Title: Current Efforts in Global Scheduling and Fault Tolerance for HPC Systems

Speaker: Laércio LIMA PILLA

Abstract: Performance, energy efficiency, and reliability have been important objectives and challenges in current and future computing systems. In this context, our approach has been based on understanding the details of the computing system architecture and the behavior of applications, in order to combine this information, identify issues and propose new solutions. In this presentation, I will discuss our experience with the development of new architecture-aware global scheduling algorithms for multiprocessor and multicomputer systems, and with fault tolerance mechanisms for radiation-induced errors in parallel accelerators.
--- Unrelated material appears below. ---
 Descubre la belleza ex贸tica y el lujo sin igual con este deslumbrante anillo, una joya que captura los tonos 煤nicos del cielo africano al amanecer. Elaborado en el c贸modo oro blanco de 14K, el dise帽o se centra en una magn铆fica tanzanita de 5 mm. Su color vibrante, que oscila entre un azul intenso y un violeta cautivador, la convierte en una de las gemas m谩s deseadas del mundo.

I will also present some future global scheduling plans to handle the inclusion of non-volatile random-access memories (NVRAMs) in computing systems.

WG – Victor Allombert: Programming Multi-BSP Algorithms in ML

2018-01-15

Title: Programming Multi-BSP Algorithms in ML

Speaker: Victor Allombert

Abstract: From personal computers using an increasing number of cores, to supercomputers having millions of computing units, parallel architectures are the current standard. The high performance architectures are usually referenced to as hierarchical, as they are composed from clusters of multi-processors of multi-cores. Programming such architectures is known to be notoriously difficult. Writing parallel programs is, most of the time, difficult for both the algorithmic and the implementation phase. To answer those concerns, many structured models and languages were proposed in order to increase both expressiveness and efficiency. Among other models, Multi-BSP is a bridging model dedicated to hierarchical architecture that ensures efficiency, execution safety, scalability and cost prediction. It is an extension of the well known BSP model that handles flat architectures. We introduce the Multi-ML language, which allows programming Multi-BSP algorithms “à la ML” and thus, guarantees the properties of the Multi-BSP model and the execution safety, thanks to a ml type system. To deal with the multi-level execution model of Multi-ML, we defined formal semantics which describe the valid evaluation of an expression. To ensure the execution safety of Multi-ML programs, we also propose a typing system that preserves replicated coherence. An abstract machine is defined to formally describe the evaluation of a Multi-ML program on a Multi-BSP architecture. An implementation of the language is available as a compilation toolchain. It is thus possible to generate an efficient parallel code from a program written in Multi-ML and execute it on any hierarchical machine.